The aggregation of feasible regions for DES refers to the process where the wide-area DES resources are aggregated into an overall feasible region, based on the satisfaction of each individual resource’s feasible region, through certain aggregation methods. These resources are then managed and scheduled in a unified manner [11]. The feasible region aggregation is mathematically represented as the addition operation in Euclidean space [12], specifically the Minkowski Sum. However, the computation of the Minkowski Sum for two arbitrary polygons is categorized as a nondeterministic polynomial (NP) problem, for which no efficient solution algorithm currently exists [13]. As a result, many studies have focused on developing approximate feasible domain models with specific rules to simplify the aggregation process. In Ref. [14], convex polyhedra were used to describe the feasible regions of resources, and an approximate method was proposed to simplify the feasible region aggregation of energy storage. In Ref. [15], an inner-approximation approach integrating constrained spaces was adopted, where the constraint spaces of all individuals within the cluster were integrated before participating in power system operations. In Ref. [16], a mathematical model of the exact aggregated feasible region for distributed resources was derived, and a k -order approximation model was used to compute a high-accuracy enclosing model for the feasible region aggregation. In Ref. [17], high-dimensional ellipsoids were employed to approximate the feasible regions of distributed resources, ensuring the aggregation optimality and decomposition feasibility. However, outer-approximation methods among these studies may lead to infeasibility during practical scheduling, while inner-approximation methods often sacrifice significant resource flexibility.
In the context of energy storage systems (ESS) participating in the optimal operation of DNs, a resilient microgrid energy management model, which includes diesel generators, energy storage, and load scheduling, is constructed in Ref. [18], and a multi-stage constraint-handling multi-objective optimization method tailored for resilient microgrid energy management is proposed. In Ref. [19], a day-ahead scheduling plan was formulated by integrating the multi-time scale characteristics of ESS and various demand response resources on the load side. High prediction accuracy was achieved through intra-day rolling scheduling and real-time adjustments. In Ref. [20], a hidden layer-based attack-resilient distributed cooperative control algorithm was introduced for the secondary control of islanded microgrids. In Ref. [21], to address the intermittency of renewable energy generation, the variability in load demand, and the stochasticity of market prices, an imitation learning-based real-time decision-making solution for microgrid economic dispatch is proposed. In Refs. [22,23,24], to address uncertainties in multi-period systems, two-stage optimization models were developed separately, optimizing resource allocation progressively across different time scales.
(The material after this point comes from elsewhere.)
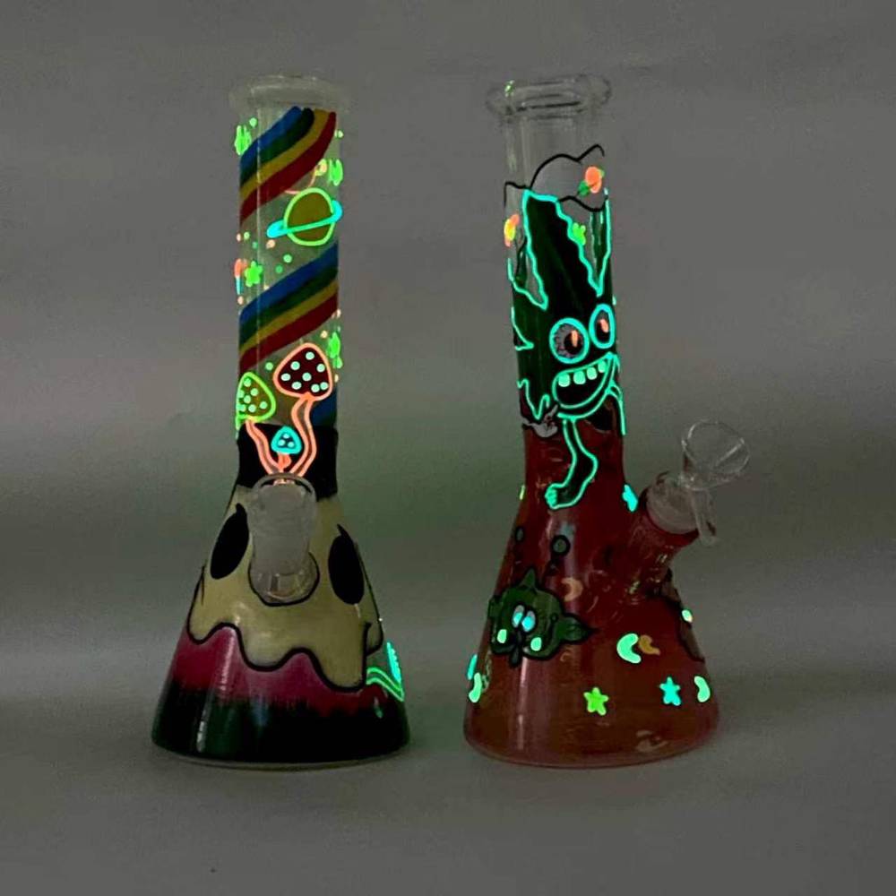 F133 - 10" Glow in the Dark 420 Love Design Beaker

In Ref. [25], a distributed self-triggered privacy-preserving secondary control strategy was proposed, achieving control objectives while protecting initial and real-time values. In Ref. [26], the integrated energy systems are optimally scheduled by comprehensively applying different uncertainty optimization methods at various time scales, taking into account the characteristic that the uncertainty of prediction error decreases as the prediction time scale shortens. In Ref. [27], an attention-based conditional generative adversarial network model was proposed to generate intra-day wind and PV energy scenarios. However, the aforementioned studies did not investigate the scheduling architecture of DES clusters or the internal decomposition of power commands within clusters.
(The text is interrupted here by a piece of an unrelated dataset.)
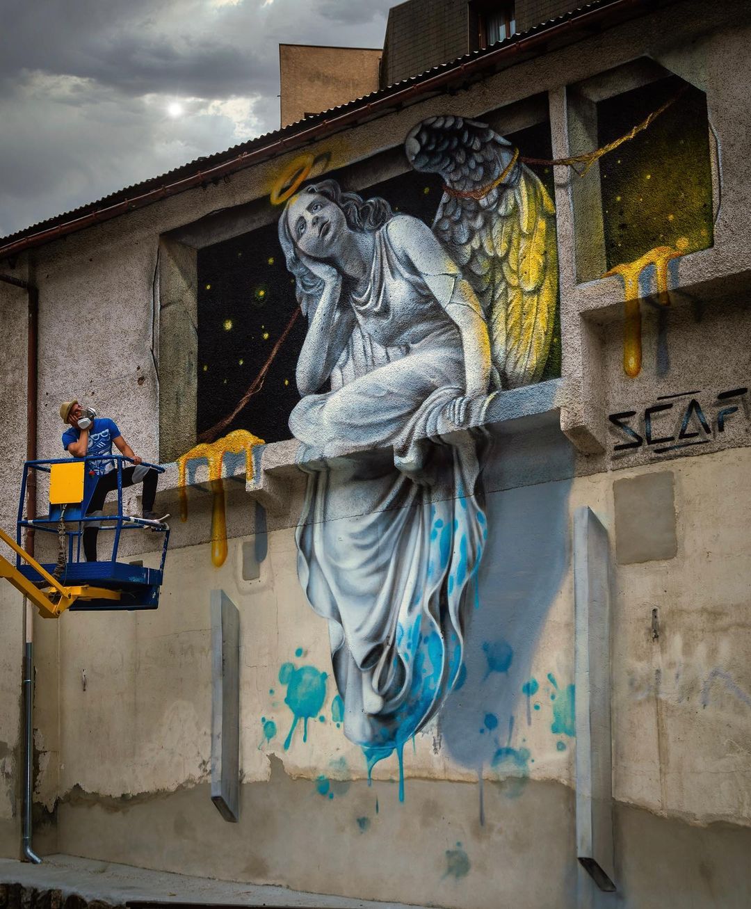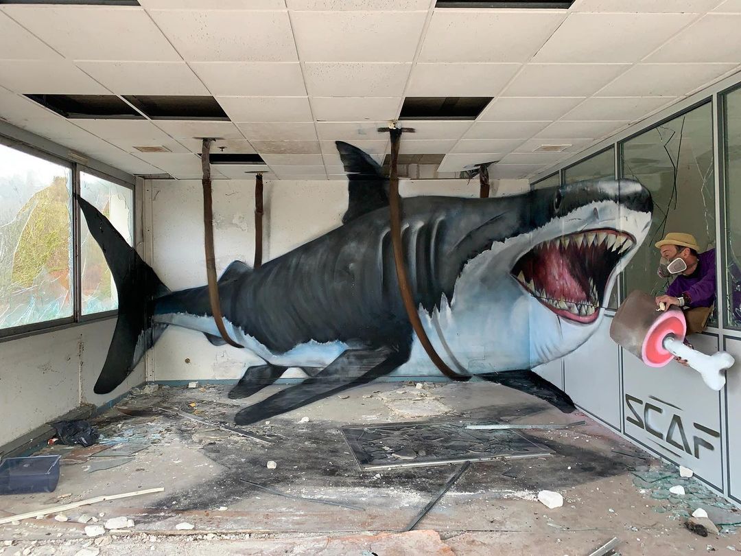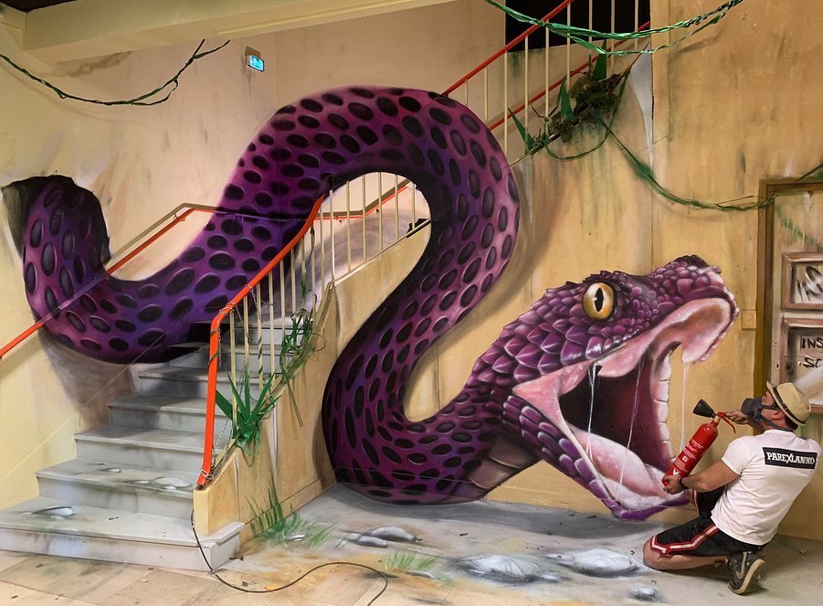 Вуличний художник з Франції з ніком SCAF любить малювати в занедбаних місцях, перетворюючи стіни на щось дивовижне. Його 3D-малюнки виглядають реалістично та навіть лякають, адже хлопець зображує драконів, змій, павуків та навіть привидів.

For the decomposition process, which involves distributing an overall control signal within the DES cluster system, a hierarchical control scheme was proposed in Ref. [28], where a novel method for calculating the constrained set of convex polytopes was introduced to reduce computational complexity. In Ref. [29], a dynamic scheduling priority assessment system for schedulable resources was developed, enabling the coordinated control of various types of schedulable resources. In Refs. [30,31], a distributed algorithm based on alternating direction method of multipliers (ADMM) is proposed, and a parallel solving mechanism is introduced to reduce the overall computation time. In Ref. [32], a Markov chain model for populations was established and applied to the optimal control of the optimized power trajectory. However, the decomposition methods proposed in the above studies exhibit high computational complexity and impose stricter performance requirements on control terminal devices. Furthermore, the current power decomposition results do not account for the impact on the cluster’s flexibility at future time steps.
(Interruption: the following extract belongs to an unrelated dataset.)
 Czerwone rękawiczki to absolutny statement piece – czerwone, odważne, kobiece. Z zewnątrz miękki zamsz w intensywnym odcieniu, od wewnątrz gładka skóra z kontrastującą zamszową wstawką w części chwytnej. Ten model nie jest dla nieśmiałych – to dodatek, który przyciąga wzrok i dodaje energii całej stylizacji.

To address the aforementioned issues, a multi-time scale hierarchical coordinated optimization strategy for DNs with aggregated DES is proposed in this paper. The main contributions are as follows:
  • A DES aggregation method based on the inner approximation of the Minkowski Sum is proposed, where zonotope is employed to characterize the feasible region of individual DES units, resolving the computational intractability of the Minkowski Sum in high-dimensional spaces.
  • A multi-time scale hierarchical coordinated optimization operation model for DNs based on scenario analysis and chance constraints is established, which is transformed into a second-order cone programming (SOCP) model based on the second-order cone relaxation and linearization method for quadratic constraint to improve the solution efficiency.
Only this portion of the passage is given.